**Exercise directions**
Exact reproduction of the listing is required. Pictures are not reproduced.

--- Recorded data ---

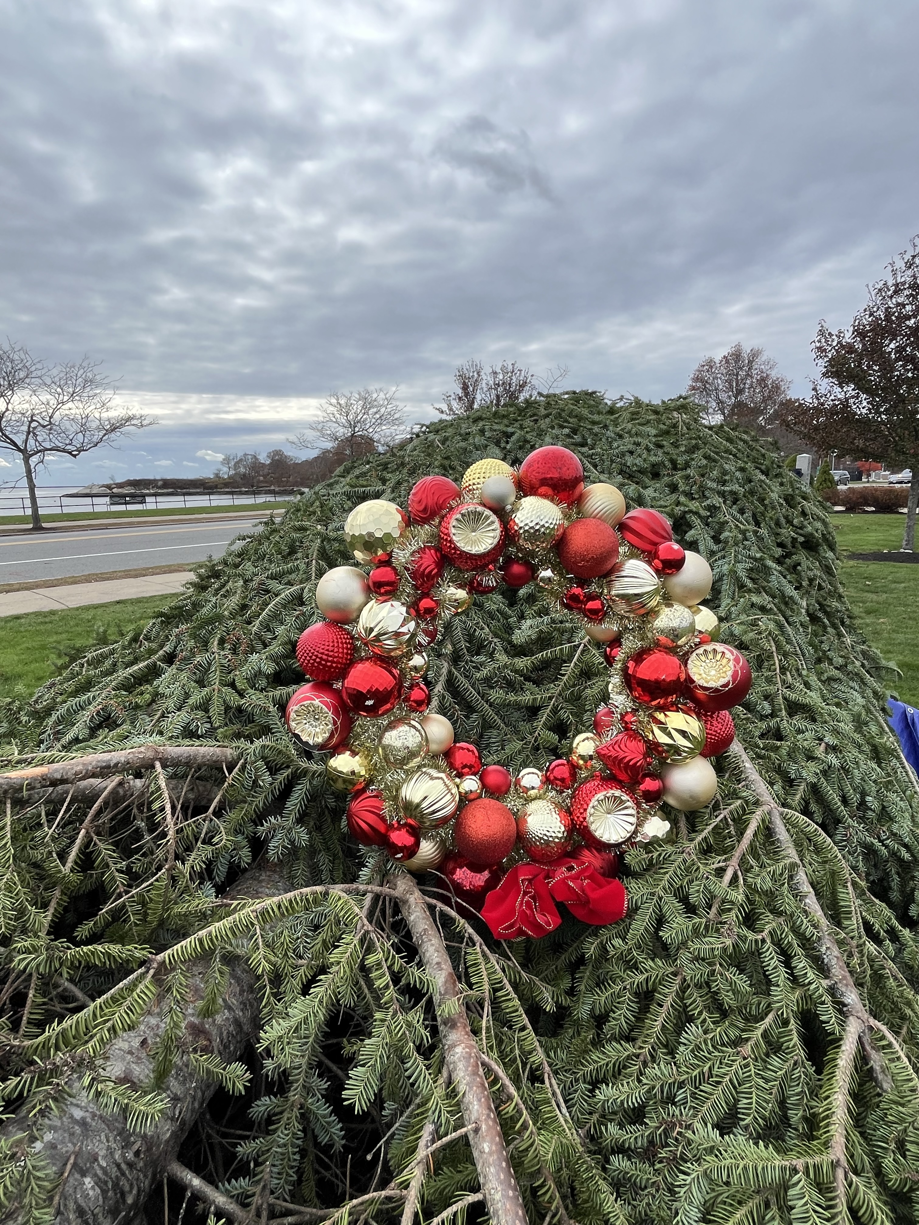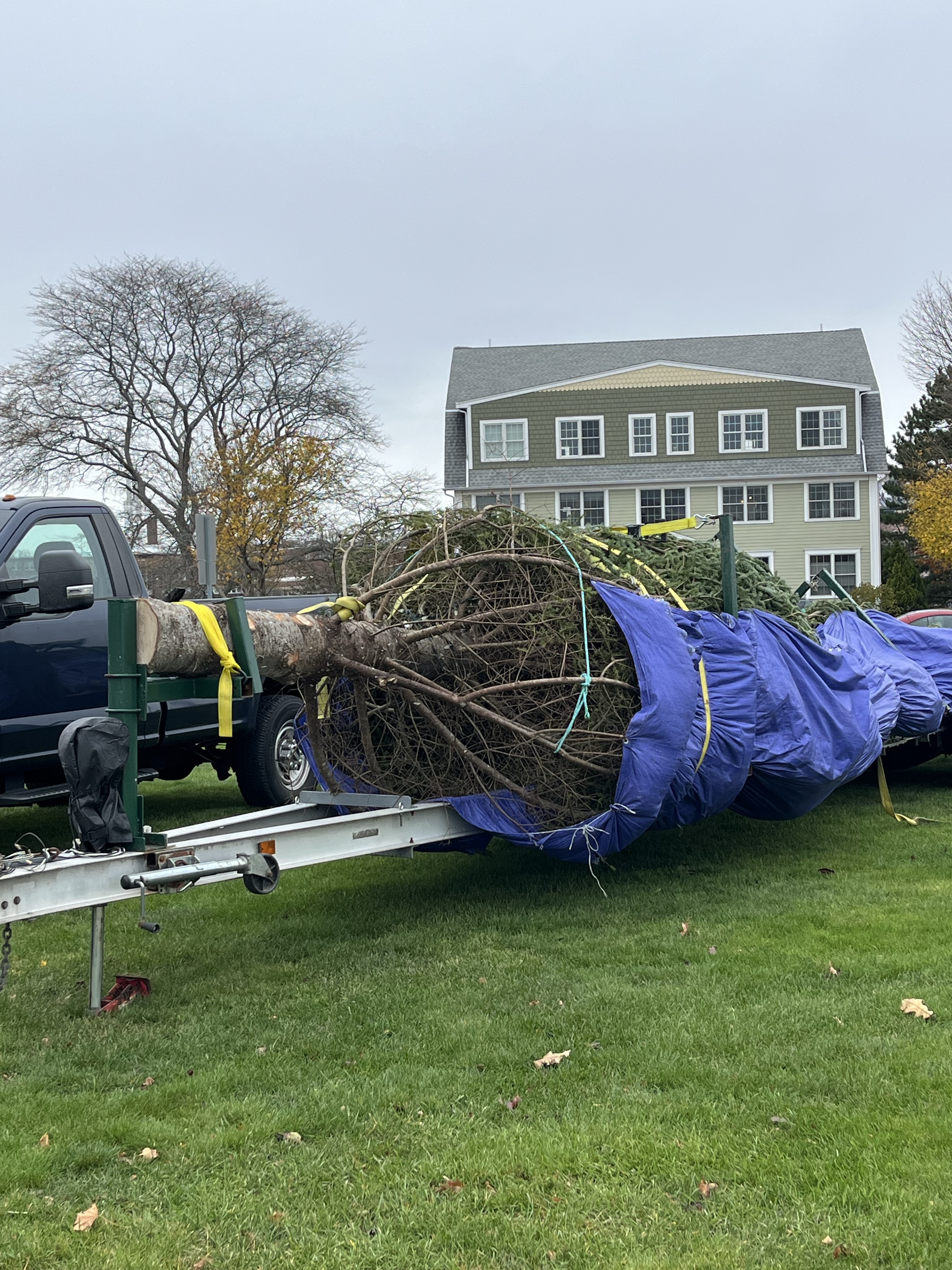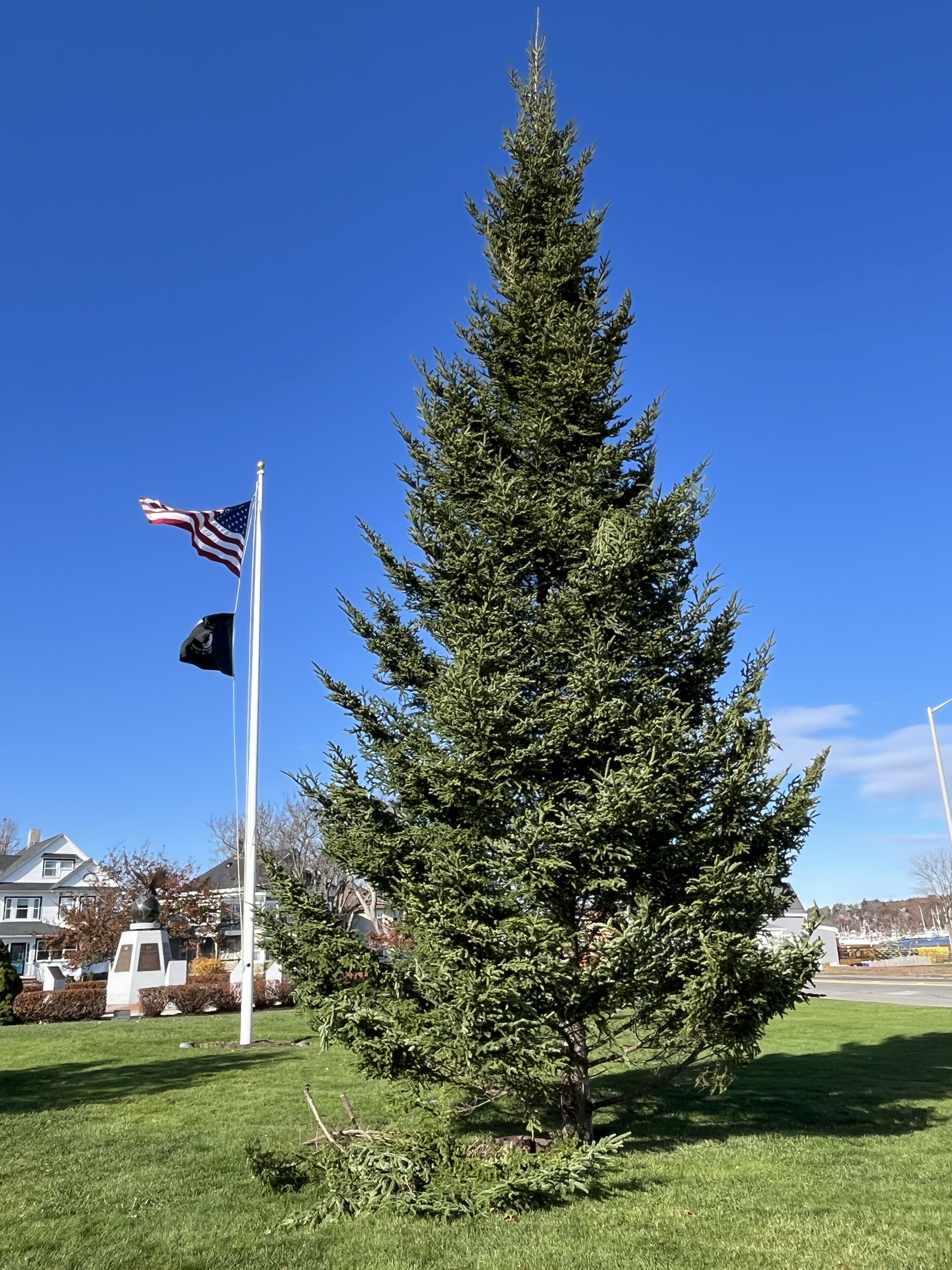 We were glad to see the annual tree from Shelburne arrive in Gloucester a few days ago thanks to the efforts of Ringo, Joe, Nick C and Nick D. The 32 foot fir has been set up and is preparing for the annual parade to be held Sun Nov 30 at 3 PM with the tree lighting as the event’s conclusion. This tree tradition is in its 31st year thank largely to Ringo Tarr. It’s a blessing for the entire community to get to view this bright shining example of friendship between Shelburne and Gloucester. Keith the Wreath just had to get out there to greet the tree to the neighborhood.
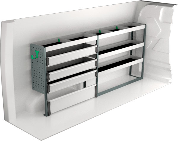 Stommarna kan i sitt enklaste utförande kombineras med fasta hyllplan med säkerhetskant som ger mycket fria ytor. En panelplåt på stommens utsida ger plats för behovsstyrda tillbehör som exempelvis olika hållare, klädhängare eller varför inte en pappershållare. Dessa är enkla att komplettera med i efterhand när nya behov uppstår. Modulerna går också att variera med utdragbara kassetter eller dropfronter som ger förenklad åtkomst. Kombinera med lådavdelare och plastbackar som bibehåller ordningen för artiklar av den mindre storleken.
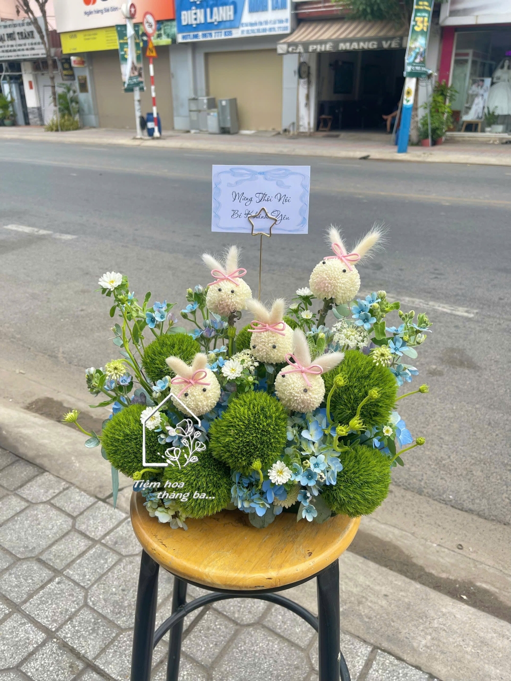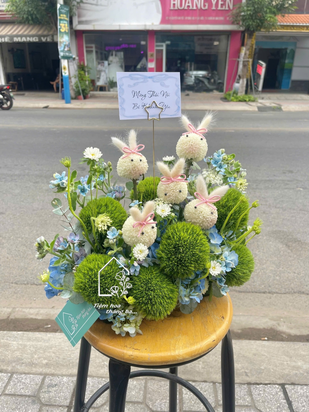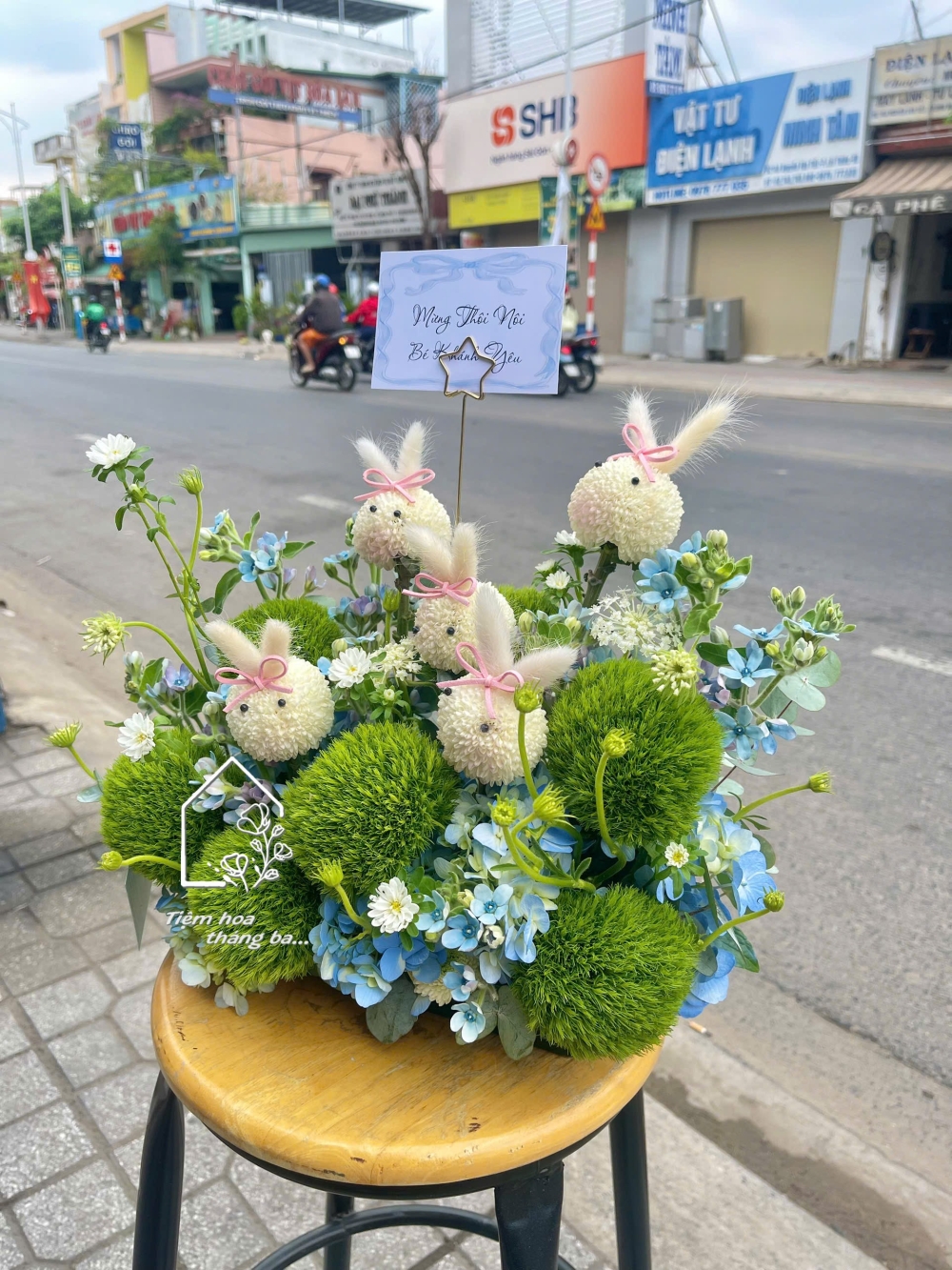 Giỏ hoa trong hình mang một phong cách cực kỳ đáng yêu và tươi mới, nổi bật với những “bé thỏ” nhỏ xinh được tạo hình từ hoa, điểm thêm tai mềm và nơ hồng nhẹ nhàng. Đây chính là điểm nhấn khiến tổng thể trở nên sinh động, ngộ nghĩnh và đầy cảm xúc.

---

**Response below**
 We were glad to see the annual tree from Shelburne arrive in Gloucester a few days ago thanks to the efforts of Ringo, Joe, Nick C and Nick D. The 32 foot fir has been set up and is preparing for the annual parade to be held Sun Nov 30 at 3 PM with the tree lighting as the event’s conclusion. This tree tradition is in its 31st year thank largely to Ringo Tarr. It’s a blessing for the entire community to get to view this bright shining example of friendship between Shelburne and Gloucester. Keith the Wreath just had to get out there to greet the tree to the neighborhood.
 Stommarna kan i sitt enklaste utförande kombineras med fasta hyllplan med säkerhetskant som ger mycket fria ytor. En panelplåt på stommens utsida ger plats för behovsstyrda tillbehör som exempelvis olika hållare, klädhängare eller varför inte en pappershållare. Dessa är enkla att komplettera med i efterhand när nya behov uppstår. Modulerna går också att variera med utdragbara kassetter eller dropfronter som ger förenklad åtkomst. Kombinera med lådavdelare och plastbackar som bibehåller ordningen för artiklar av den mindre storleken.
 Giỏ hoa trong hình mang một phong cách cực kỳ đáng yêu và tươi mới, nổi bật với những “bé thỏ” nhỏ xinh được tạo hình từ hoa, điểm thêm tai mềm và nơ hồng nhẹ nhàng. Đây chính là điểm nhấn khiến tổng thể trở nên sinh động, ngộ nghĩnh và đầy cảm xúc.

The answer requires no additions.